= Focused Ultrasound Foundation =

U.S. nonprofit organization

The Focused Ultrasound Foundation (FUSF) is a 501(c)(3) non-profit organization based in Charlottesville, Virginia, United States, that promotes the use of image-guided focused ultrasound. The foundation is primarily funded through philanthropic donations.

== History ==
The Foundation was formed on the third of January in 2005, and received charity status in November of the same year. In October 2005 the Foundation hosted the 5th International Symposium on Therapeutic Ultrasound, at Harvard Medical School, which resulted in the largest-ever gathering of world experts in the use of ultrasound for the treatment of cancer and other disorders. Under the Foundation's charter it operates as an unincorporated association.

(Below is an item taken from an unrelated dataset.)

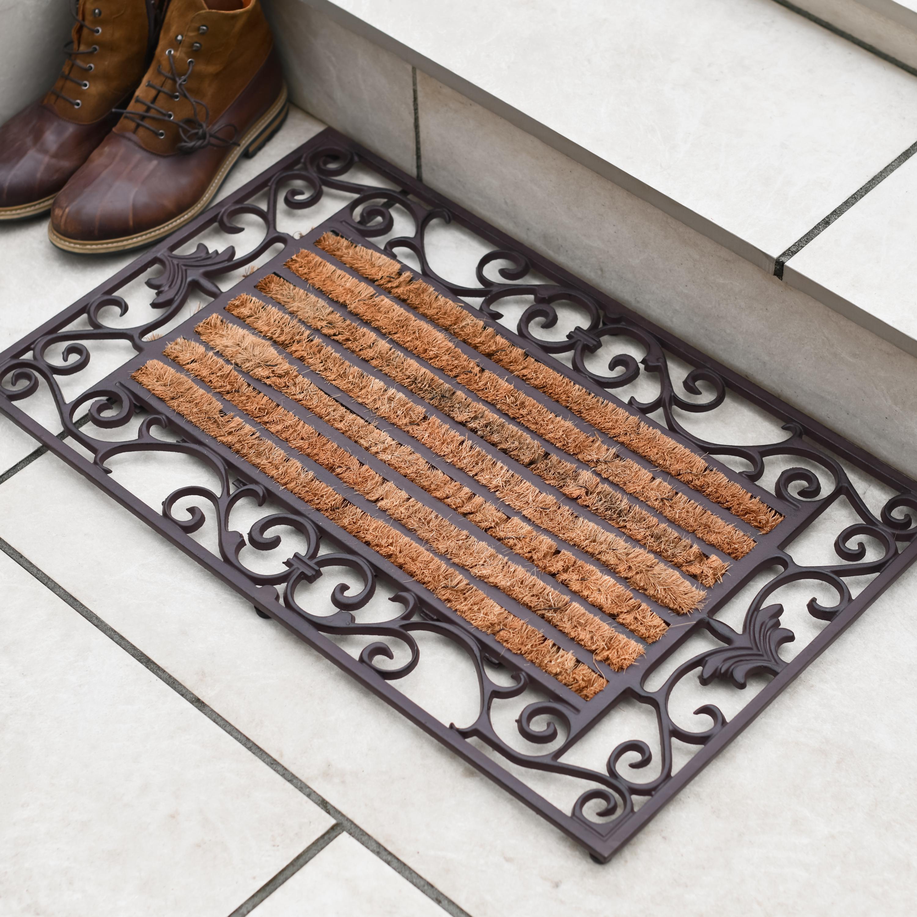 Cast Aluminum Rectangular Doormat: Ornate Scrollwork Entryway Mat

Formerly known as Foundation for Focused Ultrasound Research and Focused Ultrasound Surgery Foundation.

In December 2019, Physics for Medicine Paris was inaugurated as a Center of Excellence, focusing on the treatment of cardiovascular diseases and neurological disorders.

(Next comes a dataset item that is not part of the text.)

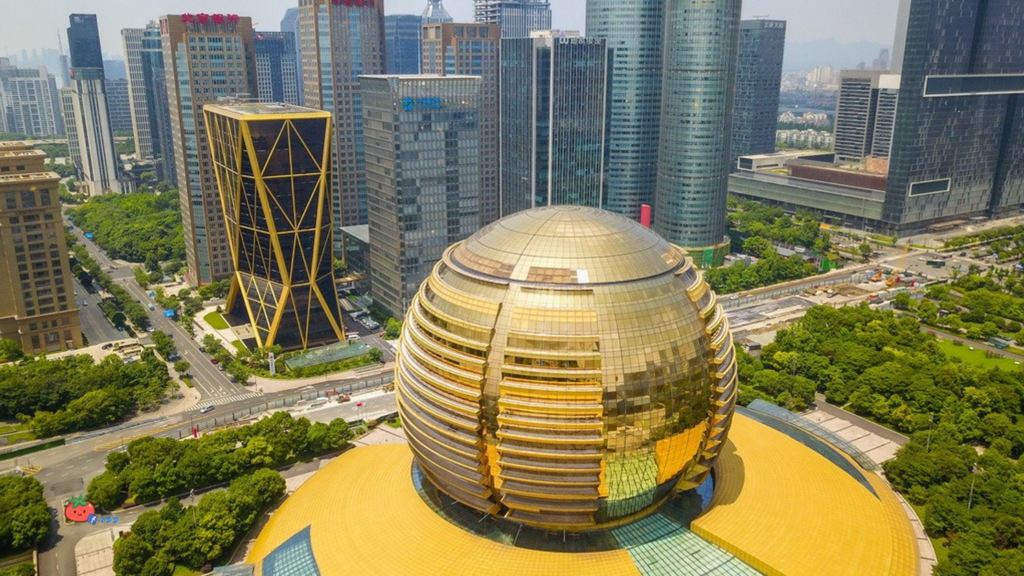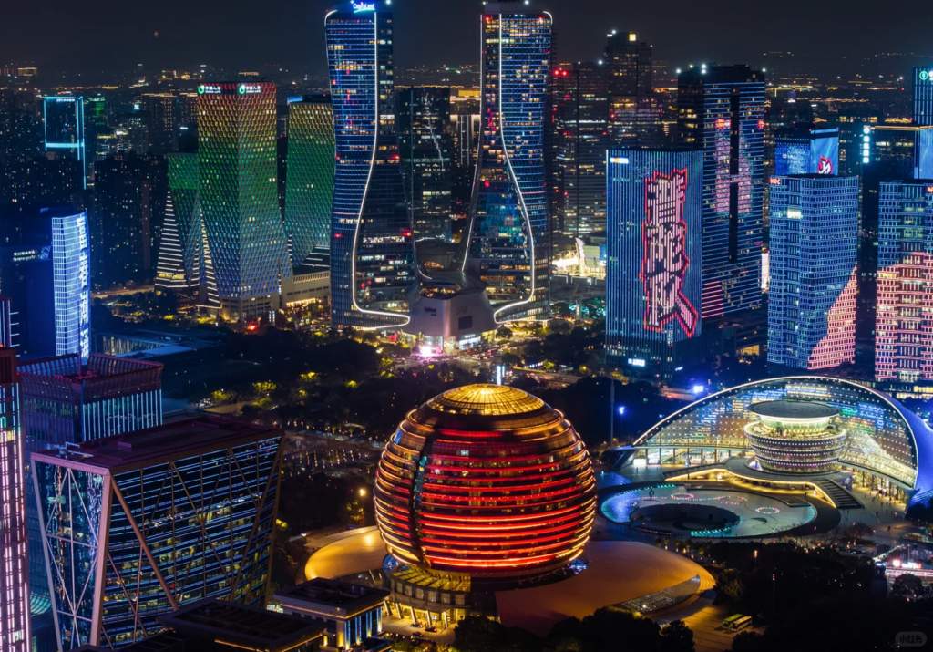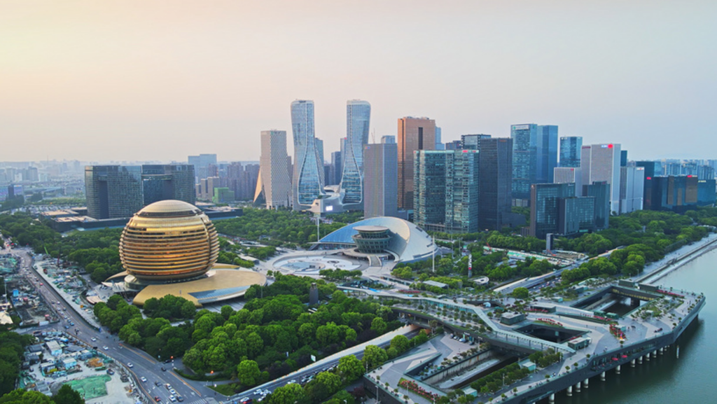 地標建築極具辨識度。杭州大劇院(月牙形)與國際會議中心(金色「大金球」)組成「日月同輝」的經典畫面。

In September 2020, the Children’s National Hospital became the first pediatric hospital designated as a Center of Excellence, helping patients with specific types of childhood tumors.

May 2022 marked the ten-year anniversary of Sunnybrook Health Science Centre conducting brain surgery without scalpels. In 2016, they were the only Canadian site designated by The Focused Ultrasound Foundation.

== Activities ==
The Foundation compiles and reports on web-based news related to focused ultrasound in therapeutic and diagnostic medicine, organizes and assists with symposia, discussions, and meetings pertaining to diagnostic and therapeutic focused ultrasound as well as student-related research programs. There is a strong concentration in high intensity focused ultrasound (HIFU). The Association promotes collaborations between clinical and research groups via written and oral communication.

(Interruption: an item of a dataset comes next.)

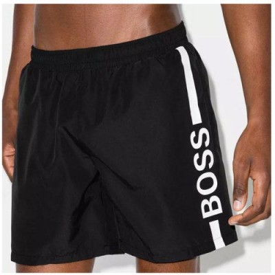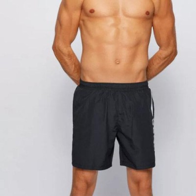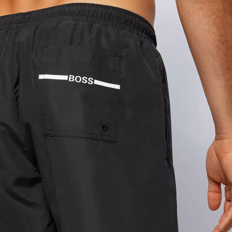 HUGO BOSS/雨果博斯【21春夏】男士黑色微标印花饰尼龙休闲运动沙滩裤短裤【爆款主推现货】

The Focused Ultrasound Foundation offers a fellowship program to high school and university students allowing them to work with the Foundation’s medical and research teams. They often partner up with the University of Virginia and Xavier University of Louisiana to help students begin their careers.

== Funding and media ==
The FUF has received attention in part because of The Tumor, a 2015 novella by legal thriller writer John Grisham about a future glioma patient who benefits from focused ultrasound treatment. Grisham is distributing the book at no cost to raise awareness about the therapy and the Foundation. Referencing the book and Foundation, Grisham states "This is the most important book I have ever written. I have found no other cause that can potentially save so many lives."

In 2018, Virginia’s former governor, Ralph Northam visited the FUF to discuss state funding toward the technology. The Foundation received $11 million in state funding under Northam’s predecessors. Northam pledged that he would continue the support and while also investing in education hoping to draw in more scientists.

The Focused Ultrasound Foundation has been recognized by National Geographic UK for funding research regarding the ultrasound treatment technique that has the protentional to transform the treatment of life-threatening diseases and difficult-to-cure conditions.